TASK TO COMPLETE → Your answer must be the lines from the start of the records through the line with "Single, Taken, Who", exactly as written, without the pictures.
------------------------------------------------
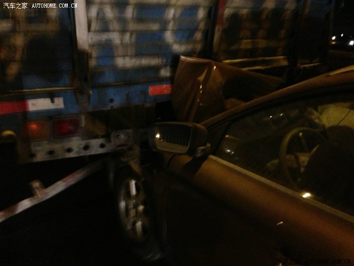 ,当视线再回到路面时,发现卡车屁股已经在眼前了,顿时感觉安全带收紧把身体死死的绑在了座位上,接下来便是一阵撞击声、气囊爆炸声。车舱内充满了气囊炸开的烟雾。呆了将近1秒,这时候车还在被拖着走,使劲刹车都没用,就这样被卡车拖行了将近20~30米、横跨了3根车道,在立交上最右侧车道停了下来。第一时间确认副驾驶上的媳妇,她和我一样也都没搞清是什么状况=_=...看着人没事,我心也定了。检查了下自己,手腕处被气囊擦破了皮,鼻子被气囊弹了一下(=O=)|||留了点鼻血(媳妇说当时我流鼻血问她有没有事的时候超像偶像剧,超感人
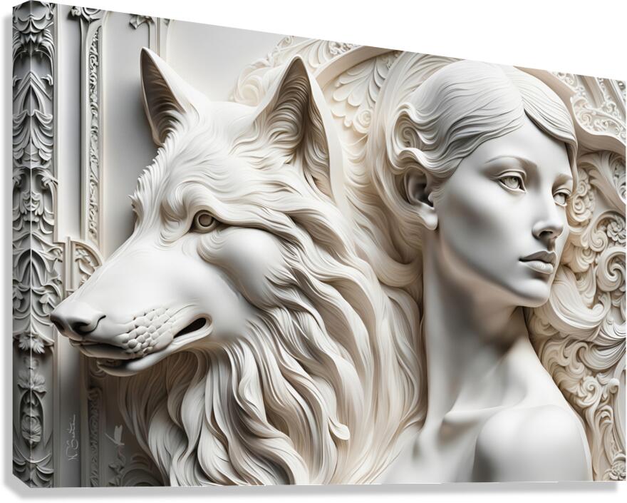 Woman with wolf  decorative relief sculpture  3d wall art print by Nazan Saatci Art  HD Metal print with Floating Frame on Back
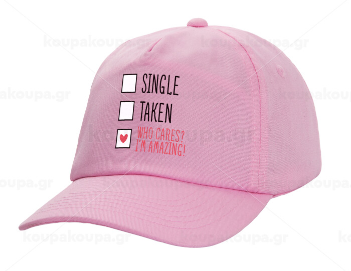 Single, Taken, Who cares i'm amazing, Καπέλο Ενηλίκων Baseball, 100% Βαμβακερό, ΡΟΖ (ΒΑΜΒΑΚΕΡΟ, ΕΝΗΛΙΚΩΝ, UNISEX, ONE SIZE)
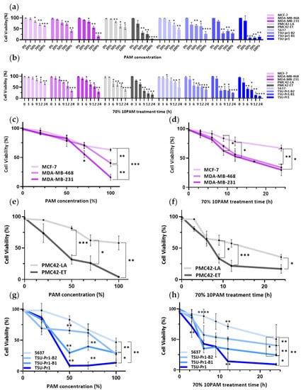 A concentration of 70% 10PAM was then chosen for the time gradient experiment (Figure 1b,d), as the cytotoxic effect of 70% 10PAM had been observed in all the cell lines. The results showed that mesenchymal cell lines responded to 70% PAM at earlier time points than the epithelial counterparts in each system. Taking breast cancer cell lines as an example. MCF-7 cells took 9 h to respond to 70% 10PAM, while MDA-MB-231 cells took 6 h. From the results of Figure 1c,d, we could gain the same conclusion. The ET/LA (Figure 1e,f) and bladder cancer cell lines (Figure 1g,h) showed the same patterns.
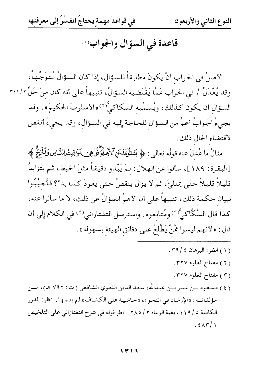 3697 الأصل في الجواب أن يكون مطابقا للسؤال إذا كان السؤال متوجها وقد يعدل في الجواب عما يقتضيه السؤال تنبيها على أنه كان من حق السؤال أن يكون كذلك ويسميه السكاكي الأسلوب الحكيم
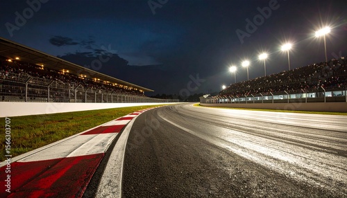 © Simon, Fototapeta premium race track corner asphalt surface low angle view at night stadium
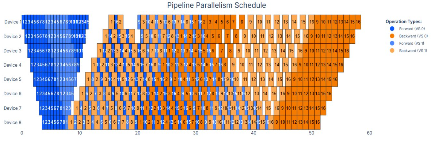 Figure 3: PP Schedule—the blue/orange heat-map showing how VPP overlaps forward/backward passes
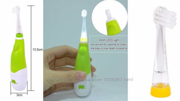 Детская зубная щетка для возрастной группы от 6 месяцев до 4 лет. (Есть также подобные щетки для возраста от 4 до 14 лет).Большое число проведенных клинических испытаний подтвердило, что эффективность применения электрической щетки выше, чем при ручной чистке зубов.
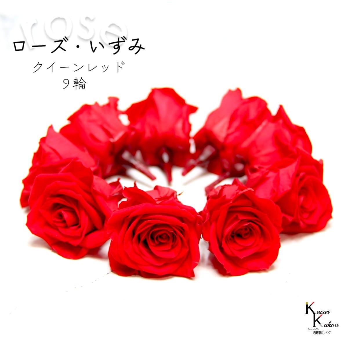 大地農園!プリザーブドフラワー 「ローズいずみ 9輪 クイーンレッド」プリザ 花材 ハーバリウム おしゃれ かわいい プレゼント 贈り物 オオチノウエン バラ 薔薇 ローズ rose 自然からの贈り物。大地農園プリザーブドフラワー! 花径:3.5~4.5cmφ花丈:約3~3.5cm使いやすいオーソドックスな花形で人気No.1のローズです。メインの花材としても、添花としても使える程よいサイズで手頃な価格も魅力です。「お部屋にお花を飾りたいけど生花は管理が大変そう・・・」という方や「インテリアとしてお花を取り入れたい」という方に。大切な人に贈り物をする際にもよく選ばれています。リース、アレンジ、ワックスサシェや髪飾りなどに...便利に使えます。取扱いの注意プリザーブドフラワーは湿気をとても嫌います。湿度の高い場所では枝や茎の切り口や表面から保存液や染料が染み出すことがあり、衣服などを汚す恐れがあります。ご使用の際には充分ご注意ください。※なるべくふんわりと梱包いたしますが、配送による破損、潰れ、ほころびなどが生じることがございます。ご心配な方は宅配便をご指定下さい。※配送の都合上、商品を箱に直接梱包することもございます。※配送の都合上、使えない根元の部分はカットする場合があります。重量はカット前の重量となります。※高温多湿の場所では染料が切り口や表面からもれることがありますので、ご注意ください。※天然素材を使用している為、商品により色、サイズなど多少の違いが生じる場合がございます。※パッケージデザイン等が予告なく変更される場合もあります。※商品廃番・メーカー欠品など諸事情によりお届けできない場合がございます。※上記内容におけます返品交換は承れませんので、あらかじめご了承ください。 5
------------------------------------------------
ANSWER SPACE →
 ,当视线再回到路面时,发现卡车屁股已经在眼前了,顿时感觉安全带收紧把身体死死的绑在了座位上,接下来便是一阵撞击声、气囊爆炸声。车舱内充满了气囊炸开的烟雾。呆了将近1秒,这时候车还在被拖着走,使劲刹车都没用,就这样被卡车拖行了将近20~30米、横跨了3根车道,在立交上最右侧车道停了下来。第一时间确认副驾驶上的媳妇,她和我一样也都没搞清是什么状况=_=...看着人没事,我心也定了。检查了下自己,手腕处被气囊擦破了皮,鼻子被气囊弹了一下(=O=)|||留了点鼻血(媳妇说当时我流鼻血问她有没有事的时候超像偶像剧,超感人
 Woman with wolf  decorative relief sculpture  3d wall art print by Nazan Saatci Art  HD Metal print with Floating Frame on Back
 Single, Taken, Who cares i'm amazing, Καπέλο Ενηλίκων Baseball, 100% Βαμβακερό, ΡΟΖ (ΒΑΜΒΑΚΕΡΟ, ΕΝΗΛΙΚΩΝ, UNISEX, ONE SIZE)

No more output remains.